The development of a continuous flow process for the multistep synthesis of α-halo ketones starting from N-protected amino acids is described. The obtained α-halo ketones are chiral building blocks for the synthesis of HIV protease inhibitors, such as atazanavir and darunavir. The synthesis starts with the formation of a mixed anhydride in a first tubular reactor. The anhydride is subsequently combined with anhydrous diazomethane in a tube-in-tube reactor. The tube-in-tube reactor consists of an inner tube, made from a gas-permeable, hydrophobic material, enclosed in a thick-walled, impermeable outer tube. Diazomethane is generated in the inner tube in an aqueous medium, and anhydrous diazomethane subsequently diffuses through the permeable membrane into the outer chamber. The α-diazo ketone is produced from the mixed anhydride and diazomethane in the outer chamber, and the resulting diazo ketone is finally converted to the halo ketone with anhydrous ethereal hydrogen halide. This method eliminates the need to store, transport, or handle diazomethane and produces α-halo ketone building blocks in a multistep system without racemization in excellent yields. A fully continuous process allowed the synthesis of 1.84 g of α-chloro ketone from the respective N-protected amino acid within ～4.5 h (87% yield).

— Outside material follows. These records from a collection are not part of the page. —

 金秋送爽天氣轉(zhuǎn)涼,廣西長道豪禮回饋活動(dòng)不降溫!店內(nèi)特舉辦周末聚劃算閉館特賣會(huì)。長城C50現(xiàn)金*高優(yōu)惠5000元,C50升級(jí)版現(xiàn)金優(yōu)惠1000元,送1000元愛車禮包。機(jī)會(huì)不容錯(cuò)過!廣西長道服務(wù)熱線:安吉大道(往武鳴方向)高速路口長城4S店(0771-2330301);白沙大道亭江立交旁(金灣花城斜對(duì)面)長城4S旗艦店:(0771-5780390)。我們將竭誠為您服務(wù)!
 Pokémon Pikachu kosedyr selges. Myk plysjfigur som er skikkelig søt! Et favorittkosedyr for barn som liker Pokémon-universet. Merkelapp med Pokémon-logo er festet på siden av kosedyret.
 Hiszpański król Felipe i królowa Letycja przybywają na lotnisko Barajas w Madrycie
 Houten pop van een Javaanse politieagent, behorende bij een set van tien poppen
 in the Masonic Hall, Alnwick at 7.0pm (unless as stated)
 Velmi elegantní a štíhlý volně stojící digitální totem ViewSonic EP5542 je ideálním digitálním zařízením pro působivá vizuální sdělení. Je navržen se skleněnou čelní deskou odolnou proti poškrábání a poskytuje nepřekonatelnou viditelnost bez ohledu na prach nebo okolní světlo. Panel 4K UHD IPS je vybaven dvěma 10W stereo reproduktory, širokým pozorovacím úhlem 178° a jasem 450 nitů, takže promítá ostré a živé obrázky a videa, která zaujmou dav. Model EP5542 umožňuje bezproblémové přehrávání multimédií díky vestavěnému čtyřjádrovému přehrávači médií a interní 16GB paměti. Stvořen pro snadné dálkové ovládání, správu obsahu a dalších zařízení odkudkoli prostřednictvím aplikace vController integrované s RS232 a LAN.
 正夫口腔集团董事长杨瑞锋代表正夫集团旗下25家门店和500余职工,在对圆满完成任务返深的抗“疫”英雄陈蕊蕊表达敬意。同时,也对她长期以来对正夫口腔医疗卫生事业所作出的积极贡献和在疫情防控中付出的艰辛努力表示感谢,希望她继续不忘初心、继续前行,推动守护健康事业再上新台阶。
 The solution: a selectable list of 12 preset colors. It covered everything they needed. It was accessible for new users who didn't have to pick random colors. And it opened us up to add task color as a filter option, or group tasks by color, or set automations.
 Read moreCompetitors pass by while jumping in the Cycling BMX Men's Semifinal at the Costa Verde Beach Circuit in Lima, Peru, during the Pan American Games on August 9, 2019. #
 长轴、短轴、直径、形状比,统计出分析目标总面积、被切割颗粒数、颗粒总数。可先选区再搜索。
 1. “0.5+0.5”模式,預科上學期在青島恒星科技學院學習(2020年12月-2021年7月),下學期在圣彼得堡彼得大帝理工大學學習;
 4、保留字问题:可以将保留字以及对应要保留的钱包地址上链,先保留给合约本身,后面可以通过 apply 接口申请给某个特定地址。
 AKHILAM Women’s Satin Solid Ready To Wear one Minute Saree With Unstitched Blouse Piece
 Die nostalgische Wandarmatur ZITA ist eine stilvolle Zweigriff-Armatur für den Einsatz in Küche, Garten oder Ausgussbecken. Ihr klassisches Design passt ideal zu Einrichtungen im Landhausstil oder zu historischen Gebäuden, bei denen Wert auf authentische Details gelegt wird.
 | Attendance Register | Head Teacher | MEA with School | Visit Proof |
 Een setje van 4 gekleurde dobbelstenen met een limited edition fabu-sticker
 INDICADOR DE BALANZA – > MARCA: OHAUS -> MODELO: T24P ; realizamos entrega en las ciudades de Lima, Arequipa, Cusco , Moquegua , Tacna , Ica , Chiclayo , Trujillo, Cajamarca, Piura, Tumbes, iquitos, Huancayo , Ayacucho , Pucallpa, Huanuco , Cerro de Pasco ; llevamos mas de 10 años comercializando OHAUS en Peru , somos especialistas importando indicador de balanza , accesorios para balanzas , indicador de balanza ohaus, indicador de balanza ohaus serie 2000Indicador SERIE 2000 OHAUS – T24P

Design, biologic evaluation, and SAR of novel pseudo-peptide incorporating benzheterocycles as HIV-1 protease inhibitors

A series of novel HIV-1 protease inhibitors based on the (hydroxyethylamino)-sulfonamide isostere incorporating substituted phenyls and benzheterocycle derivatives bearing rich hydrogen bonding acceptors as P 2 ligands were synthesized. Prolonged chain linking the benzhereocycle to the carbonyl group resulted in partial loss of binding affinities. Introduction of a small alkyl substituent with appropriate size to the -CH2- of P1-P2 linkage as a side chain resulted in improved inhibitory potency, and in this study, isopropyl was the best side chain. Replacement of the isobutyl substituent at P 1′group with phenyl substituent decreased the inhibitory potency. One of the most potent inhibitor, compound 23 showing high affinity to HIV-1 protease with an IC50 value of 5 nm, also exhibited good anti-SIV activity (EC50 = 0.8 μm) with low toxicity (TC 50 > 100 μm). The flexible docking of inhibitor 23 to HIV-1 protease active site rationalized the interactions with protease.

New approaches to the industrial synthesis of HIV protease inhibitors

Efficient and industrially applicable synthetic processes for precursors of HIV protease inhibitors (Amprenavir, Fosamprenavir) are described. These involve a novel and economical method for the preparation of a key intermediate, (3S)-hydroxytetrahydrofuran, from L-malic acid. Three new approaches to the assembly of Amprenavir are also discussed. Of these, a synthetic route in which an (S)-tetrahydrofuranyloxy carbonyl is attached to L-phenylalanine appears to be the most promising manufacturing process, in that it offers satisfactory stereoselectivity in fewer steps.